_What to work on_.
Only the text of the entries below should be returned, exactly as given, without pictures.

_Source material_.
—————

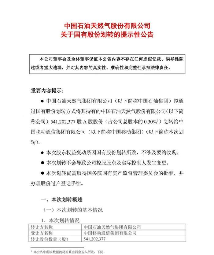 公告顯示,本次劃轉(zhuǎn)前,中國(guó)石油集團(tuán)直接持有公司150,923,565,570股A股股份,占公司總股本的82.46%,通過(guò)境外全資附屬公司Fairy King InvestmentsLtd.間接持有公司291,518,000股H股股份,占公司總股本的0.16%。中國(guó)移動(dòng)集團(tuán)通過(guò)附屬公司中國(guó)移動(dòng)通信有限公司持有公司178,794,300股,占公司總股本的0.10%。
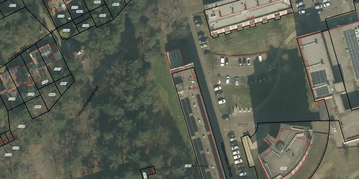 Het perceel waarop Haammakerstraat 102 staat heeft een oppervlakte van 979 m². Dit is een groot perceel. De perceeloppervlakte wordt geregistreerd door het Kadaster. Gedetailleerde informatie over de maten van dit perceel kunt u vinden in het rapport Kadastrale kaart met maatvoering van Haammakerstraat 102.
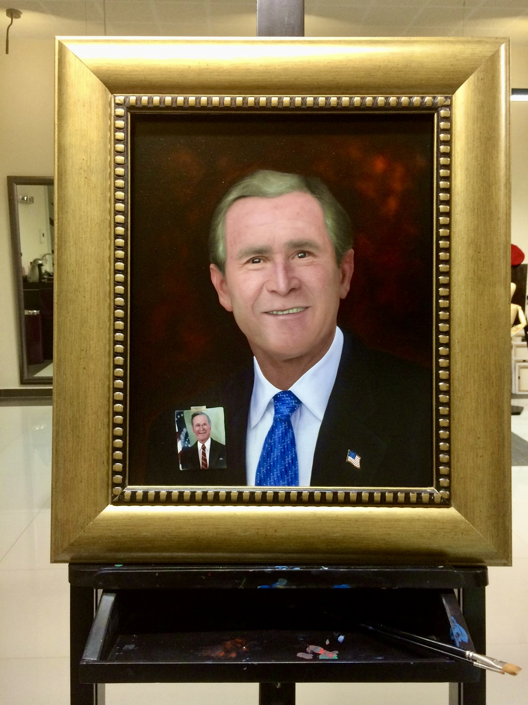 Este lienzo del maestro Sergio González se articula como una narrativa visual compleja sobre la genealogía del poder y la herencia política. La obra retrata al expresidente George W. Bush con una solvencia técnica que desafía la planitud del soporte; la luz baña al mandatario con una claridad meridiana, modelando los surcos de su rostro y la firmeza de su expresión con un realismo que otorga a la piel una calidad táctil y vibrante. El artista logra establecer una diferenciación lumínica sutil entre la figura viva del hijo y la representación estática del padre, creando capas de realidad dentro de la misma superficie pictórica.
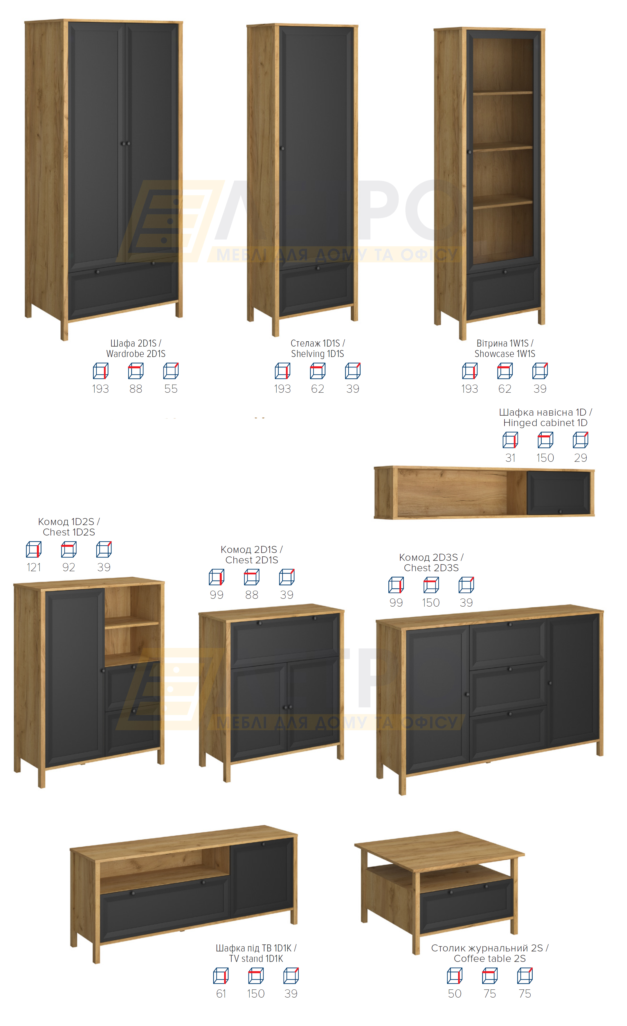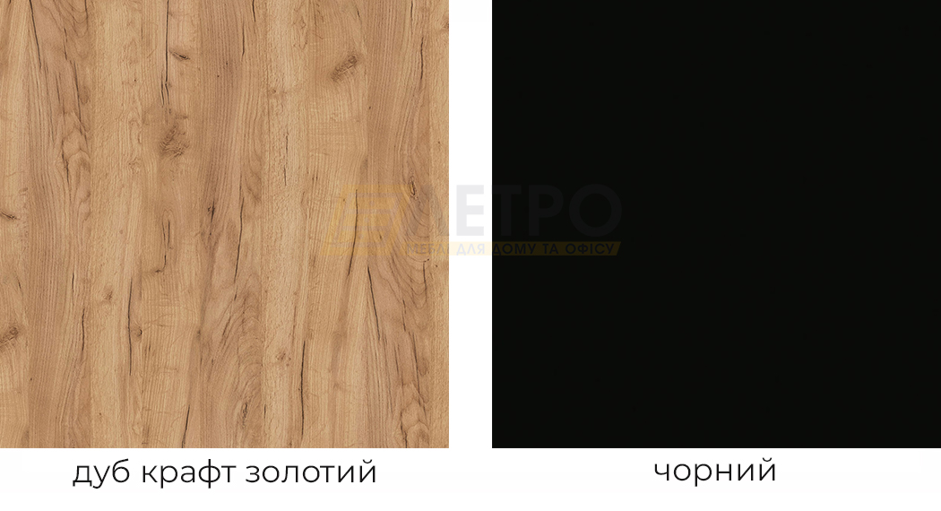 | Колір (відтінок) меблів | Дуб крафт золотий, Чорний |
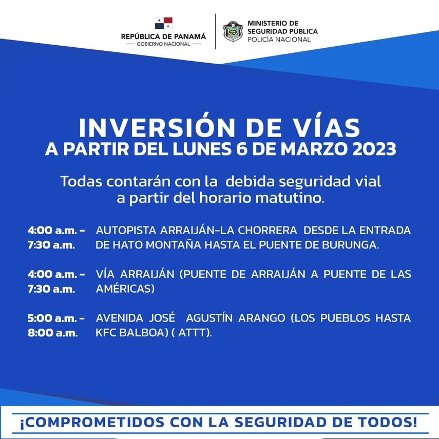 Este lunes 6 de marzo comienza el año escolar 2023 y la inversión de carriles será desde las 4:00 a.m. en distintos puntos de la ciudad capital y en la provincia de Panamá Oeste. Esto debido a la gran cantidad de ciudadanos que se encontrarán en las vías trasladándose a los centros educativos.
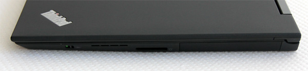 Правый торец - кнопка включения-выключения беспроводной связи, кардридер. Далее идет заглушка с крепежом - под ней посадочное место второго жесткого диска.
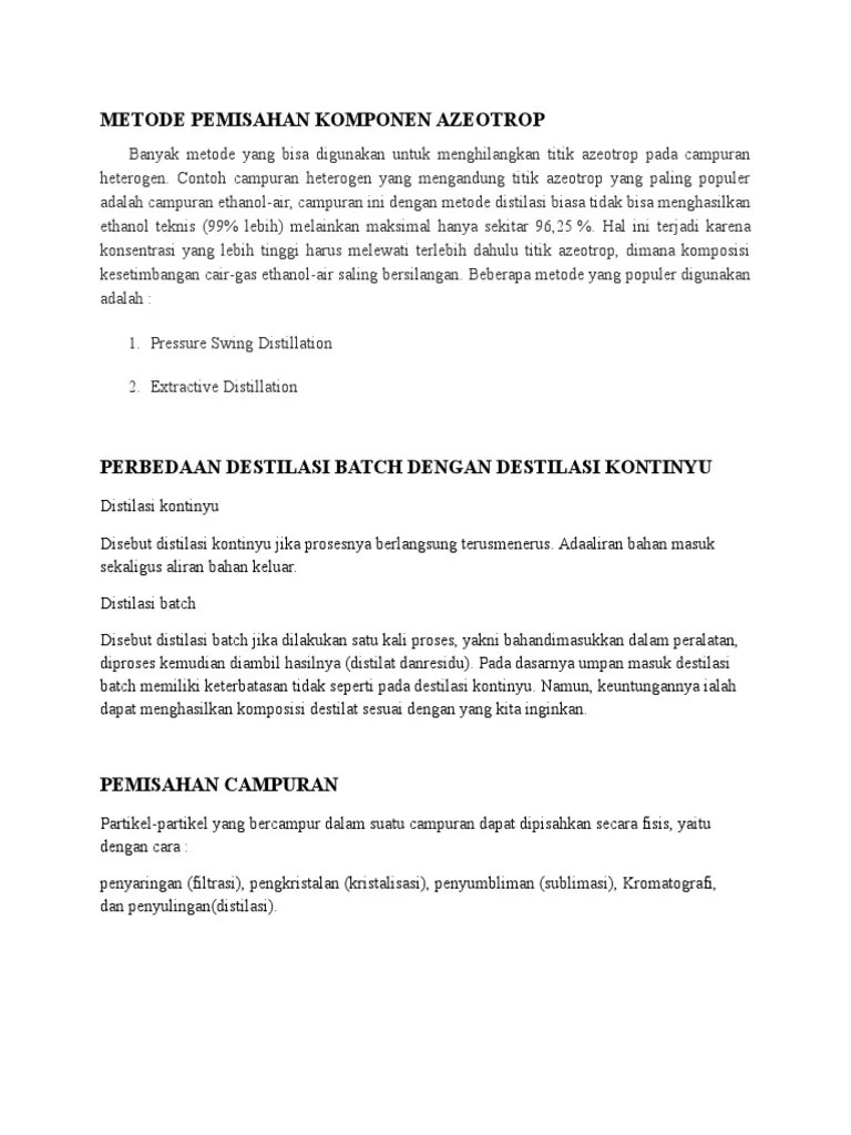 Campuran tersusun atas beberapa unsur ataupun senyawa kimia yang dapat dipisahkan berdasarkan sifat zat penyusunnya. Komponen warna pada makanan dapat dipisahkan dengan metode … Contoh kristalisasi adalah pemisahan air tebu dari ampas tebu untuk. Campuran dapat dipisahkan dengan metode filtrasi (penyaringan). Materi pada kali ini akan kita bahas mengenai pemisahan campuran :
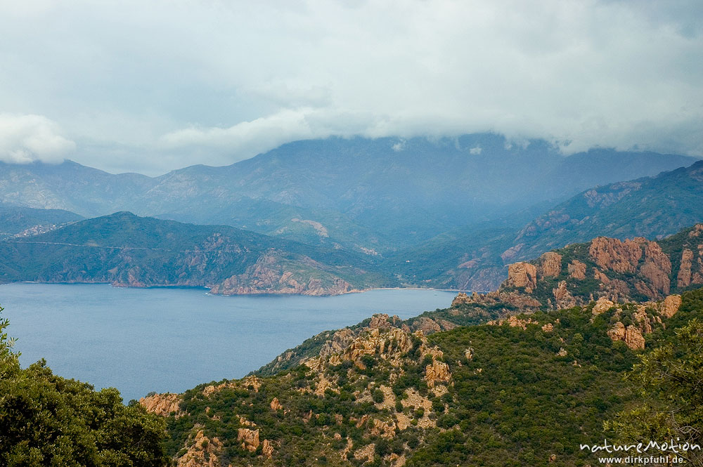 Golf von Porto und Calanche bei Piana, Regenwolken, Korsika, Frankreich

—————

_Result_.
 公告顯示,本次劃轉(zhuǎn)前,中國(guó)石油集團(tuán)直接持有公司150,923,565,570股A股股份,占公司總股本的82.46%,通過(guò)境外全資附屬公司Fairy King InvestmentsLtd.間接持有公司291,518,000股H股股份,占公司總股本的0.16%。中國(guó)移動(dòng)集團(tuán)通過(guò)附屬公司中國(guó)移動(dòng)通信有限公司持有公司178,794,300股,占公司總股本的0.10%。
 Het perceel waarop Haammakerstraat 102 staat heeft een oppervlakte van 979 m². Dit is een groot perceel. De perceeloppervlakte wordt geregistreerd door het Kadaster. Gedetailleerde informatie over de maten van dit perceel kunt u vinden in het rapport Kadastrale kaart met maatvoering van Haammakerstraat 102.
 Este lienzo del maestro Sergio González se articula como una narrativa visual compleja sobre la genealogía del poder y la herencia política. La obra retrata al expresidente George W. Bush con una solvencia técnica que desafía la planitud del soporte; la luz baña al mandatario con una claridad meridiana, modelando los surcos de su rostro y la firmeza de su expresión con un realismo que otorga a la piel una calidad táctil y vibrante. El artista logra establecer una diferenciación lumínica sutil entre la figura viva del hijo y la representación estática del padre, creando capas de realidad dentro de la misma superficie pictórica.
 | Колір (відтінок) меблів | Дуб крафт золотий, Чорний |
 Este lunes 6 de marzo comienza el año escolar 2023 y la inversión de carriles será desde las 4:00 a.m. en distintos puntos de la ciudad capital y en la provincia de Panamá Oeste. Esto debido a la gran cantidad de ciudadanos que se encontrarán en las vías trasladándose a los centros educativos.
 Правый торец - кнопка включения-выключения беспроводной связи, кардридер. Далее идет заглушка с крепежом - под ней посадочное место второго жесткого диска.
 Campuran tersusun atas beberapa unsur ataupun senyawa kimia yang dapat dipisahkan berdasarkan sifat zat penyusunnya. Komponen warna pada makanan dapat dipisahkan dengan metode … Contoh kristalisasi adalah pemisahan air tebu dari ampas tebu untuk. Campuran dapat dipisahkan dengan metode filtrasi (penyaringan). Materi pada kali ini akan kita bahas mengenai pemisahan campuran :
 Golf von Porto und Calanche bei Piana, Regenwolken, Korsika, Frankreich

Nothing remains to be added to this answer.